-- Listed entries follows --

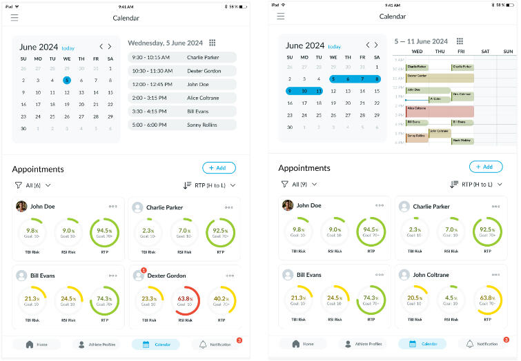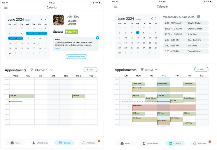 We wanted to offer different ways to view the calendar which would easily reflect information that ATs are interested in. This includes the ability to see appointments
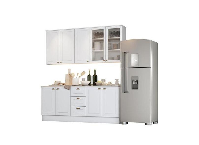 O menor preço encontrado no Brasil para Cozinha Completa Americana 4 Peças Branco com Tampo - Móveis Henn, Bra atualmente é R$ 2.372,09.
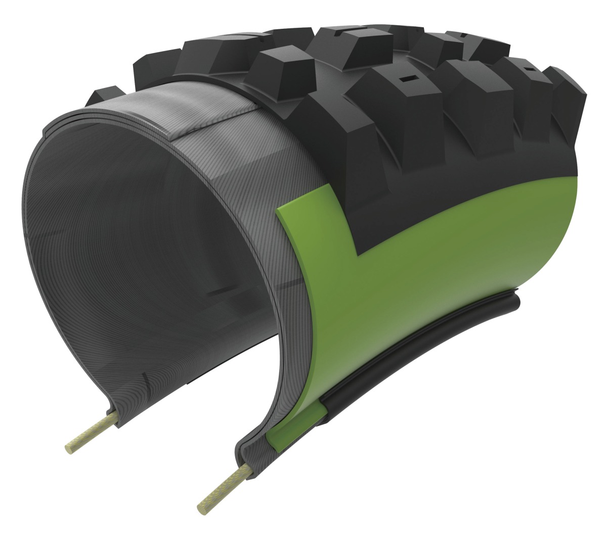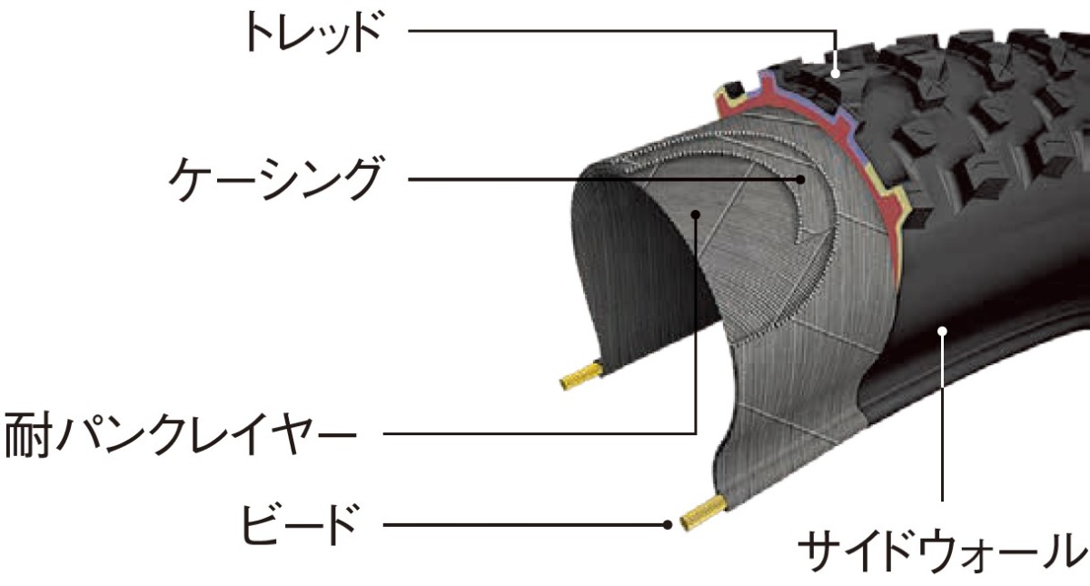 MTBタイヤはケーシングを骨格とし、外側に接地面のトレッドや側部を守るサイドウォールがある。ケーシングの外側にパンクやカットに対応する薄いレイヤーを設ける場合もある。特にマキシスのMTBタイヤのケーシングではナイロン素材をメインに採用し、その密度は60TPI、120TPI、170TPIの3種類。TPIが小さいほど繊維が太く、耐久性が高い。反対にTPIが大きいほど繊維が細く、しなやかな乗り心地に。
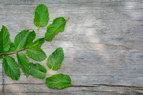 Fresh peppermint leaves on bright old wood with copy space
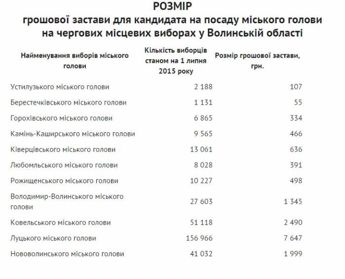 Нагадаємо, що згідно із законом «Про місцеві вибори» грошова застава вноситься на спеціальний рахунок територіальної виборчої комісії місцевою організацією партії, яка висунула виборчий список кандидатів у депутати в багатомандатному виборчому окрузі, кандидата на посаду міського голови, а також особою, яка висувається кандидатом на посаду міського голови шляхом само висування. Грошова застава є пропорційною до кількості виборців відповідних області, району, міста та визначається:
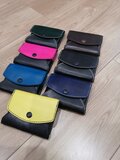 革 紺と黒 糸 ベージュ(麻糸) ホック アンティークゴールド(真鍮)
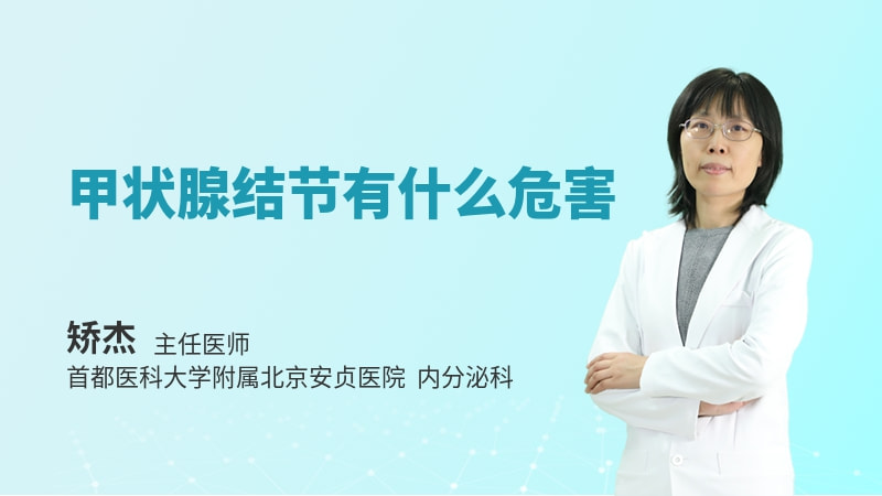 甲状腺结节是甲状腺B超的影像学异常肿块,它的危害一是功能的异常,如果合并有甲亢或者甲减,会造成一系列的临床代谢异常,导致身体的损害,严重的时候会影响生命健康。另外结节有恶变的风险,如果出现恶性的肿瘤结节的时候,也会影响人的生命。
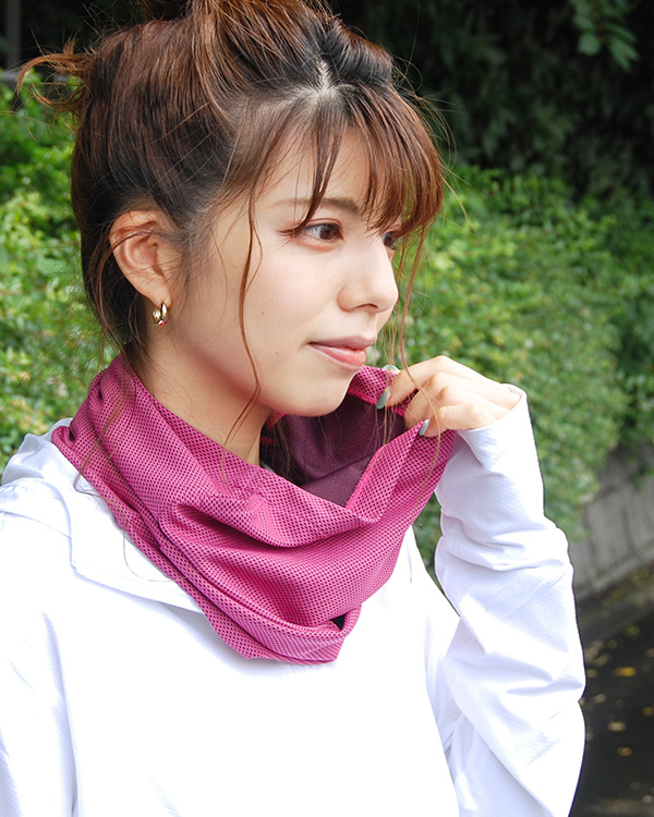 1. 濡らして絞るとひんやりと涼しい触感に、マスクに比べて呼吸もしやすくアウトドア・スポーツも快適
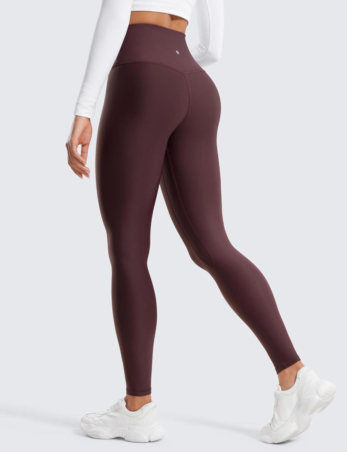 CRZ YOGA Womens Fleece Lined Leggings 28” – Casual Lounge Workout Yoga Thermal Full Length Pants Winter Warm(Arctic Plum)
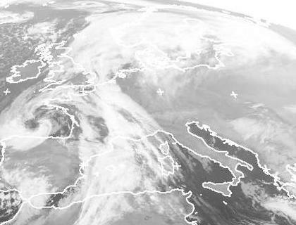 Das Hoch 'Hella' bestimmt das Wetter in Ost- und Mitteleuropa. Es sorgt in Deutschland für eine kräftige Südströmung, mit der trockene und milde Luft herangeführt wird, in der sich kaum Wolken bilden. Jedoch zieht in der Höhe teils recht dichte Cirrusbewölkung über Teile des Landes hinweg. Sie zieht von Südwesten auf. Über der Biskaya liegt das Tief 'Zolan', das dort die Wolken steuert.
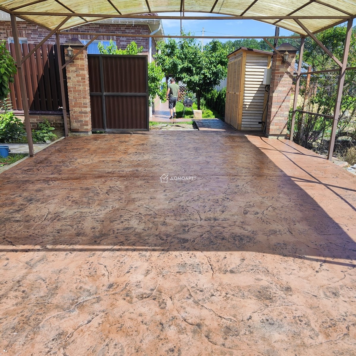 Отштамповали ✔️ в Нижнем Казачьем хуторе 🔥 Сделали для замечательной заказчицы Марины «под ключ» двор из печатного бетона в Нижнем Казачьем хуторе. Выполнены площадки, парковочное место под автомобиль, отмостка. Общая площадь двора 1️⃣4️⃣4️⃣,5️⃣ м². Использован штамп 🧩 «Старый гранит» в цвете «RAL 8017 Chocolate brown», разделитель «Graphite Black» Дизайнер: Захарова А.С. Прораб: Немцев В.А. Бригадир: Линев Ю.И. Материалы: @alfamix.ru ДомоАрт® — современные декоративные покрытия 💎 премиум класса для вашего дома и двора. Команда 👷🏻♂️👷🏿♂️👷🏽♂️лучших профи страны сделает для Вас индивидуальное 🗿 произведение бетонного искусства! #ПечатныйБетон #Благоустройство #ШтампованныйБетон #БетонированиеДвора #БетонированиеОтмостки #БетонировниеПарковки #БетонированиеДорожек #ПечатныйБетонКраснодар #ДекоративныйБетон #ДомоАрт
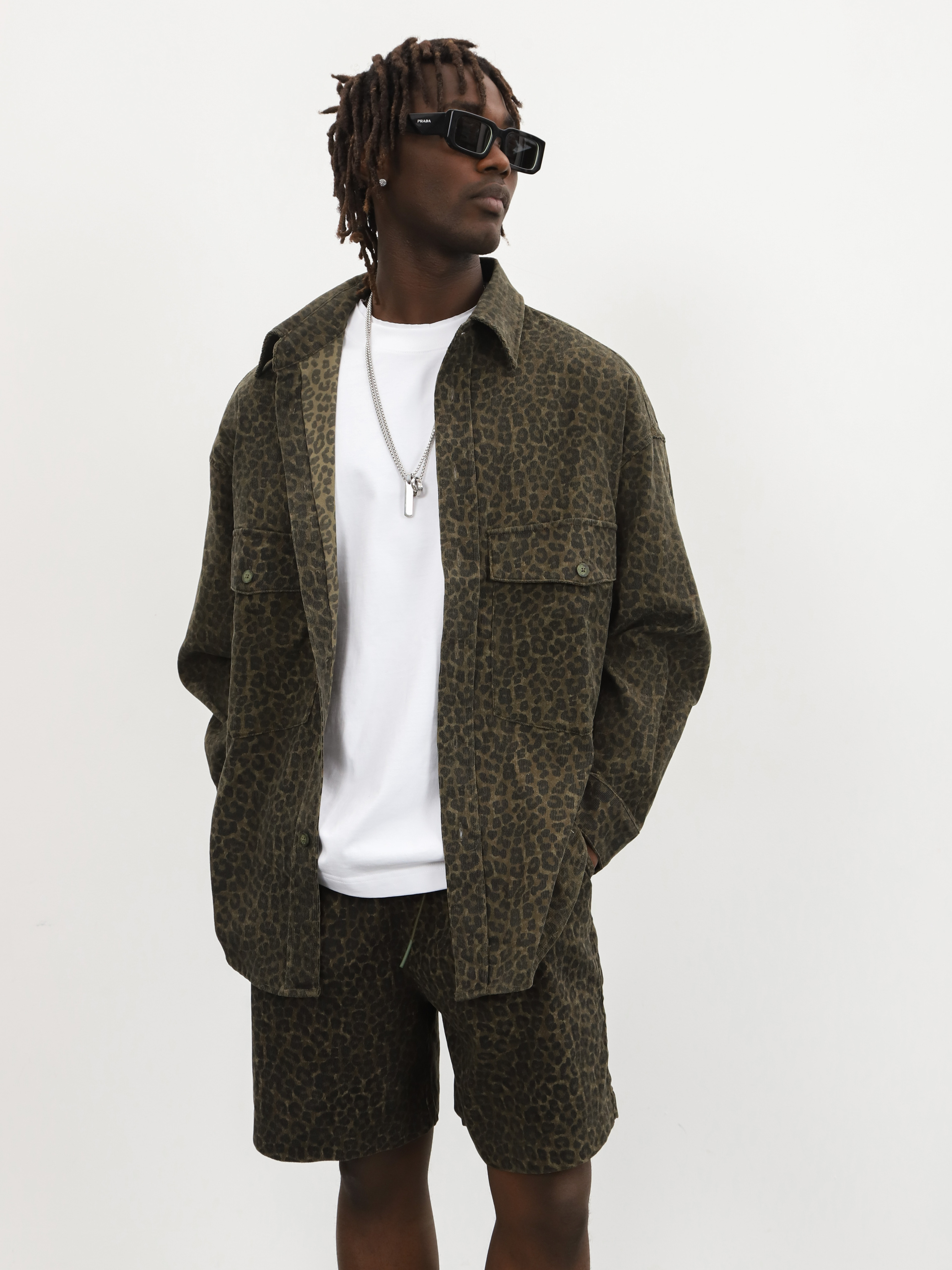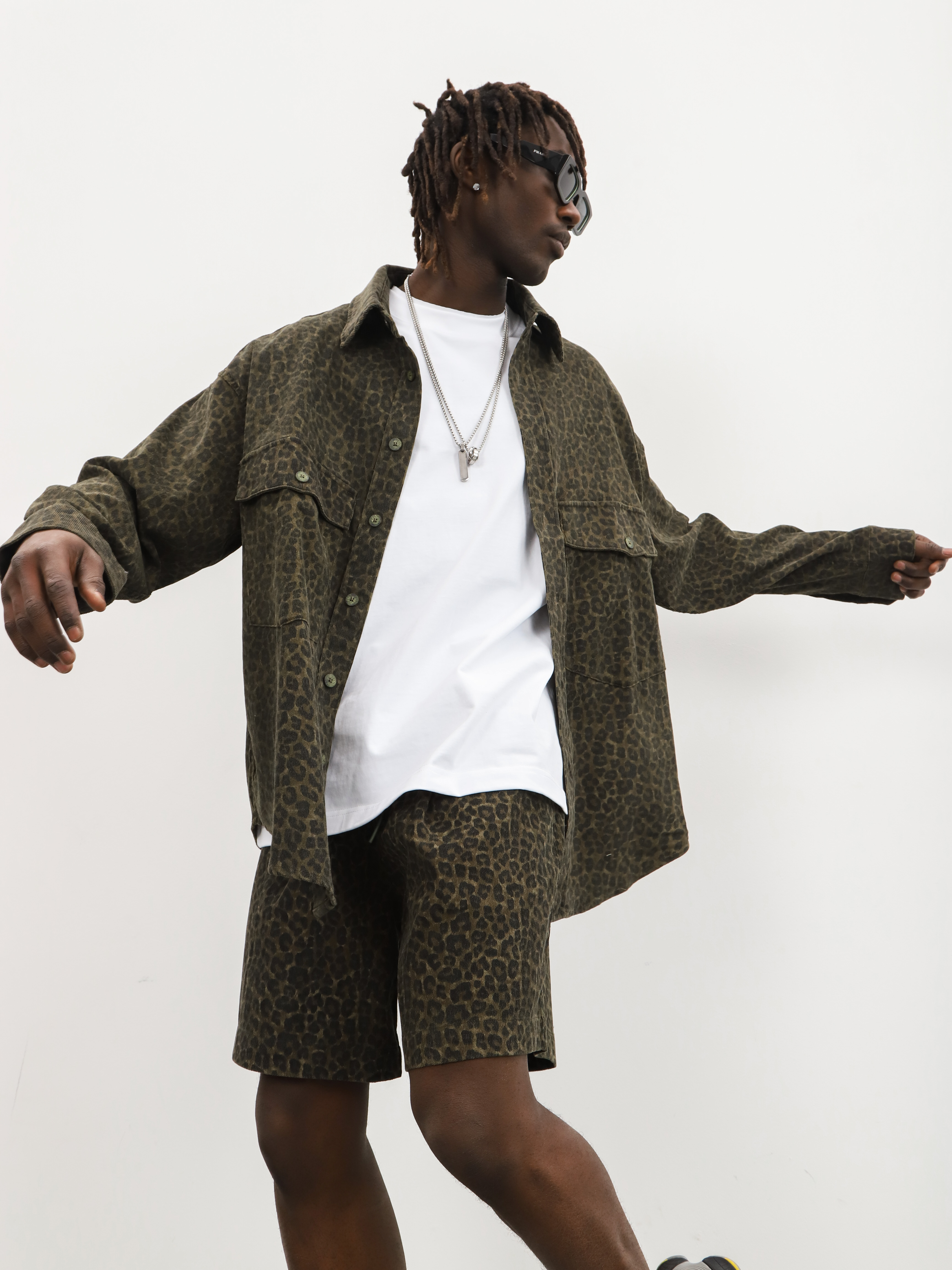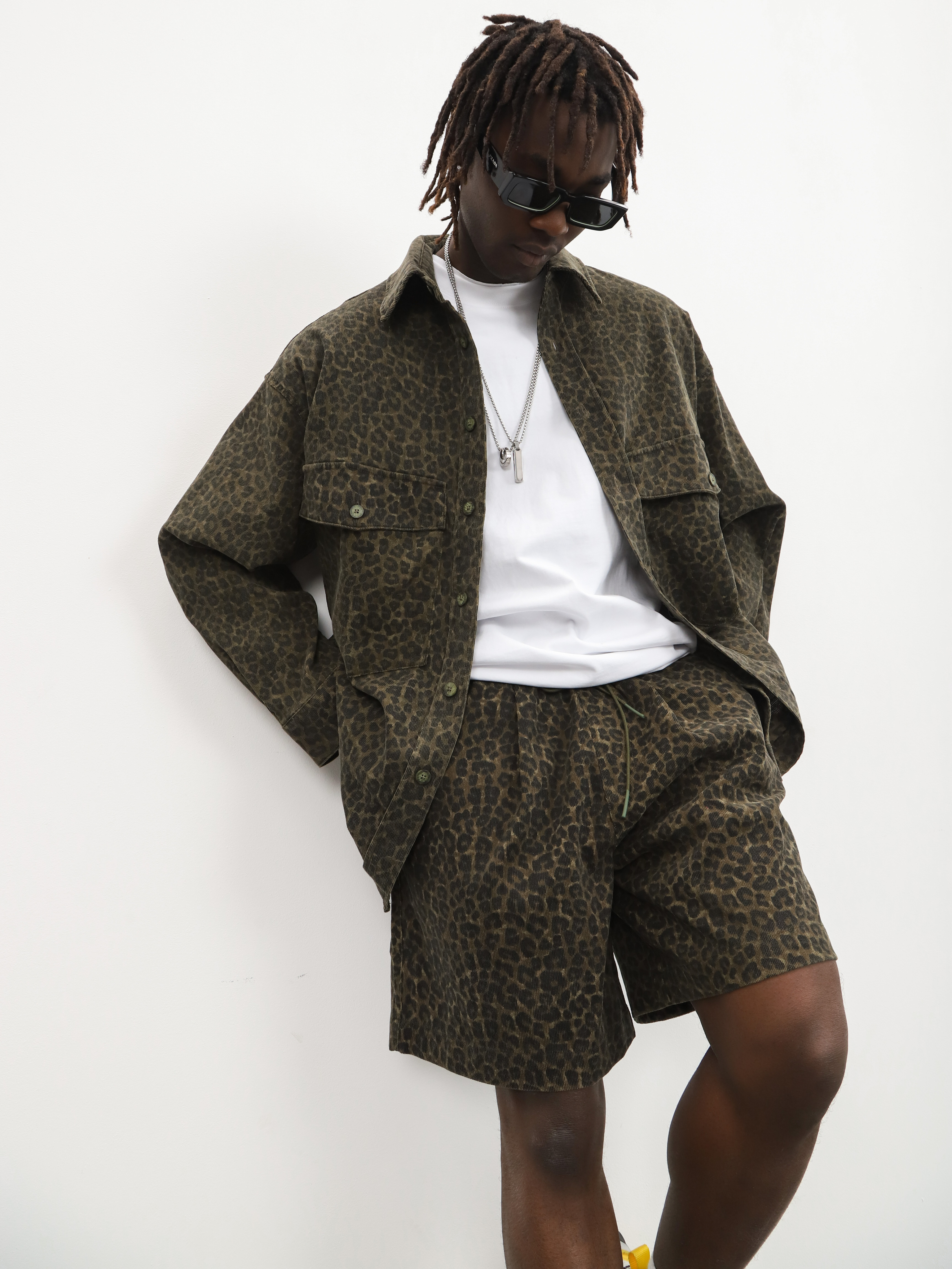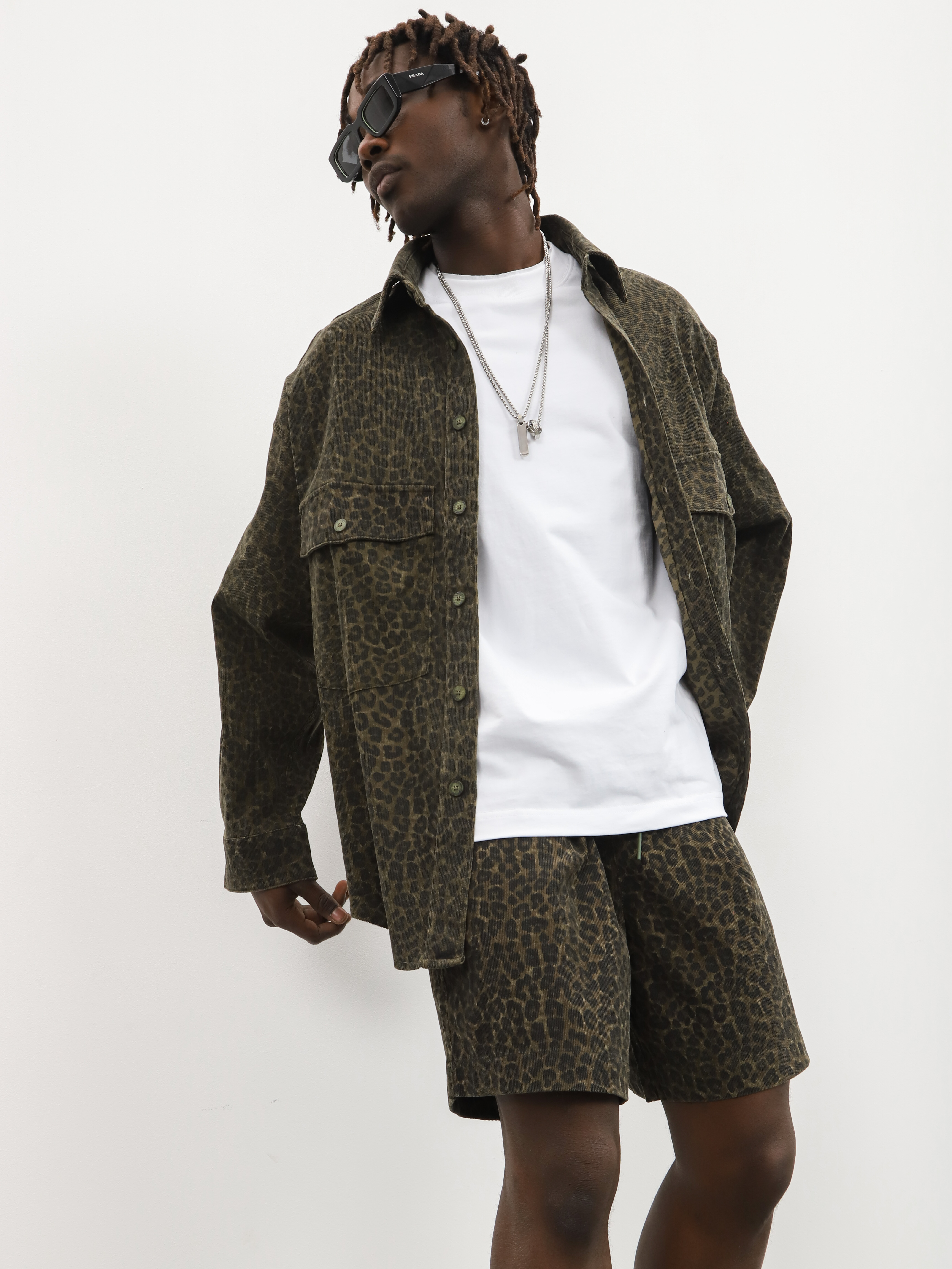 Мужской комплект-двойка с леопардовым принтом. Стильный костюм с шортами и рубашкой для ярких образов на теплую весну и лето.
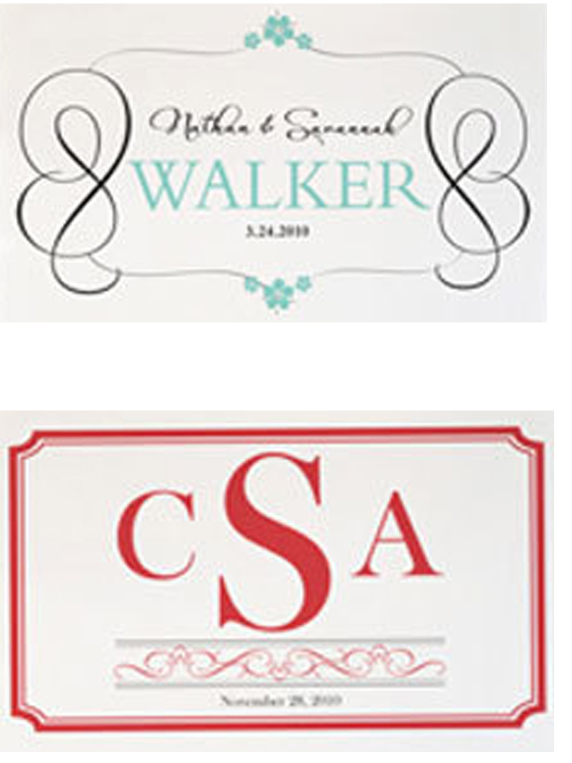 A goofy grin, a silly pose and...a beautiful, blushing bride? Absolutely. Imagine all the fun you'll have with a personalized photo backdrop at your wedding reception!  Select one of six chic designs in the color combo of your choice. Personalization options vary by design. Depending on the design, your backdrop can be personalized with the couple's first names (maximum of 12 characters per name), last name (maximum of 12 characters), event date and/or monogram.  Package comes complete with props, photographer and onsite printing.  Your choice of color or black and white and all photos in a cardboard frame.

-- Listed entries concluded --

(Task objective) Begin at the first line of the records and please reproduce every line exactly through the one containing "CRZ YOGA Womens", leaving all pictures out.

(Expected answer)
 We wanted to offer different ways to view the calendar which would easily reflect information that ATs are interested in. This includes the ability to see appointments
 O menor preço encontrado no Brasil para Cozinha Completa Americana 4 Peças Branco com Tampo - Móveis Henn, Bra atualmente é R$ 2.372,09.
 MTBタイヤはケーシングを骨格とし、外側に接地面のトレッドや側部を守るサイドウォールがある。ケーシングの外側にパンクやカットに対応する薄いレイヤーを設ける場合もある。特にマキシスのMTBタイヤのケーシングではナイロン素材をメインに採用し、その密度は60TPI、120TPI、170TPIの3種類。TPIが小さいほど繊維が太く、耐久性が高い。反対にTPIが大きいほど繊維が細く、しなやかな乗り心地に。
 Fresh peppermint leaves on bright old wood with copy space
 Нагадаємо, що згідно із законом «Про місцеві вибори» грошова застава вноситься на спеціальний рахунок територіальної виборчої комісії місцевою організацією партії, яка висунула виборчий список кандидатів у депутати в багатомандатному виборчому окрузі, кандидата на посаду міського голови, а також особою, яка висувається кандидатом на посаду міського голови шляхом само висування. Грошова застава є пропорційною до кількості виборців відповідних області, району, міста та визначається:
 革 紺と黒 糸 ベージュ(麻糸) ホック アンティークゴールド(真鍮)
 甲状腺结节是甲状腺B超的影像学异常肿块,它的危害一是功能的异常,如果合并有甲亢或者甲减,会造成一系列的临床代谢异常,导致身体的损害,严重的时候会影响生命健康。另外结节有恶变的风险,如果出现恶性的肿瘤结节的时候,也会影响人的生命。
 1. 濡らして絞るとひんやりと涼しい触感に、マスクに比べて呼吸もしやすくアウトドア・スポーツも快適
 CRZ YOGA Womens Fleece Lined Leggings 28” – Casual Lounge Workout Yoga Thermal Full Length Pants Winter Warm(Arctic Plum)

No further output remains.